# Transferring money to India



## anandsdk

which is the most cost effective method to send money to india? Banks or Western union?


----------



## MaidenScotland

Western Union is much more expensive than in Saudi, not sure of the charges just know it is expensive


----------



## hurghadapat

MaidenScotland said:


> Western Union is much more expensive than in Saudi, not sure of the charges just know it is expensive


Have you had a look at Moneygram.....look on the internet and tells you where you send from in Egypt and has a facility for finding out how much it will cost....a safe and secure way i have used it many times.


----------



## Horus

HEY let me know about Moneygram I can't see a local agent in Sharm

Currently I use WU in Naama Bay (Rosetta Hotel) opening hours different than the western union website Money Transfer | Western Union

They are normally open 9 - 5 closed Friday and Saturday, take your ID with you, they throw a wobbly for transactions over $5,000 USD (money can only be taken and sent in USD)

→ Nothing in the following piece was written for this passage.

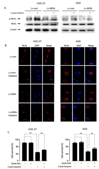 MLKL is the critical substrate of RIP3 in necroptosis signaling pathway. To confirm the finding that celastrol induced necroptosis, we tested whether MLKL participated in the event. As the results from Western blotting showed that celastrol induced the phosphorylation of MLKL, which was signficantly attenuated by BGN overexpression in HGC-27 and AGS cells (Figure 4A). Translocation of MLKL from cytoplasm to plasma membrane leading to fatal permeabilization of the plasma is required for necroptosis. The result from immunofluorescent staining showed that MLKL was originally located in the cytoplasm of control cells. However, most of MLKL moved to the plasma membrane after celastrol treatment, which was obviously prevented by over-expression of BGN (Figure 4B). Furthermore, the result showed that cell death caused by celastrol was significantly suppressed by MLKL-specific inhibitor necrosulphonamide (NSA) in HGC-27 and AGS cells (Figure 4C). These data together indicate that celastrol down-regulates the expression of BGN to activate RIP3/MLKL signaling, leading to necroptosis in HGC-27 and AGS cells.

Don't use Alert Pay they hold funds for 2 weeks - or EVEN longer unless they can verify you and even keep the money..be warned..

DO NOT use paypal either with an Egypt IP address for non-regular payments that do not follow a certain pattern - again they will limit your account and in any case charge you 4.9%, moneybookers is also a no -go

HSBC will transfer money, get the IBAN number to avoid rejected BACS payments you can also choose if you pay the fee or the receiver does, no hassle floor limit is about £4,950 GBP, I send to China on a regular basis in USD and also receive EU and USA payments within 4 days..


----------



## hurghadapat

Horus said:


> HEY let me know about Moneygram I can't see a local agent in Sharm
> 
> Currently I use WU in Naama Bay (Rosetta Hotel) opening hours different than the western union website Money Transfer | Western Union
> 
> They are normally open 9 - 5 closed Friday and Saturday, take your ID with you, they throw a wobbly for transactions over $5,000 USD (money can only be taken and sent in USD)
> 
> Don't use Alert Pay they hold funds for 2 weeks - or EVEN longer unless they can verify you and even keep the money..be warned..
> 
> DO NOT use paypal either with an Egypt IP address for non-regular payments that do not follow a certain pattern - again they will limit your account and in any case charge you 4.9%, moneybookers is also a no -go
> 
> HSBC will transfer money, get the IBAN number to avoid rejected BACS payments you can also choose if you pay the fee or the receiver does, no hassle floor limit is about £4,950 GBP, I send to China on a regular basis in USD and also receive EU and USA payments within 4 days..


Piraeus Bank,South Nab'a,Aqaba Bay. 20699205470
Sun-Thurs 8-18.00
Think you can only receive money at this bank...you would need to check with them about sending.


----------